> [WHAT THE TASK REQUIRES]:
In the copy, keep every line below as it is and leave out the pictures.

> [SUPPLIED DATA]:
+ + +
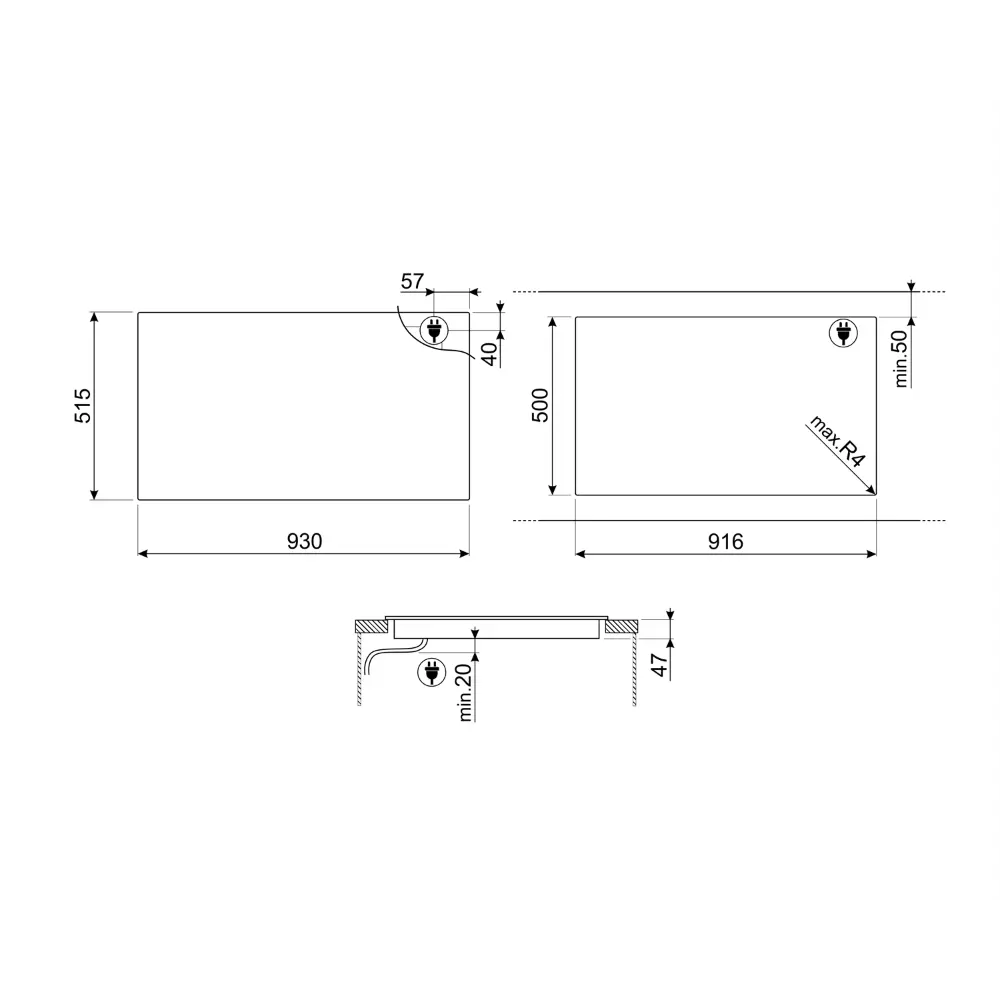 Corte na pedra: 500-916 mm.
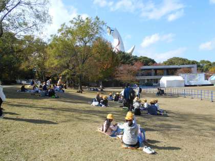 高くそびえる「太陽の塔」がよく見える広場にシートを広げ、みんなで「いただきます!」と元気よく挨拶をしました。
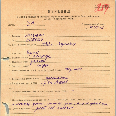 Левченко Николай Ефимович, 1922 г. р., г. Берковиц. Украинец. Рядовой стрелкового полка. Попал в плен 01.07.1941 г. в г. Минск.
+ + +
> [ANSWER FOR THE TASK]:
 Corte na pedra: 500-916 mm.
 高くそびえる「太陽の塔」がよく見える広場にシートを広げ、みんなで「いただきます!」と元気よく挨拶をしました。
 Левченко Николай Ефимович, 1922 г. р., г. Берковиц. Украинец. Рядовой стрелкового полка. Попал в плен 01.07.1941 г. в г. Минск.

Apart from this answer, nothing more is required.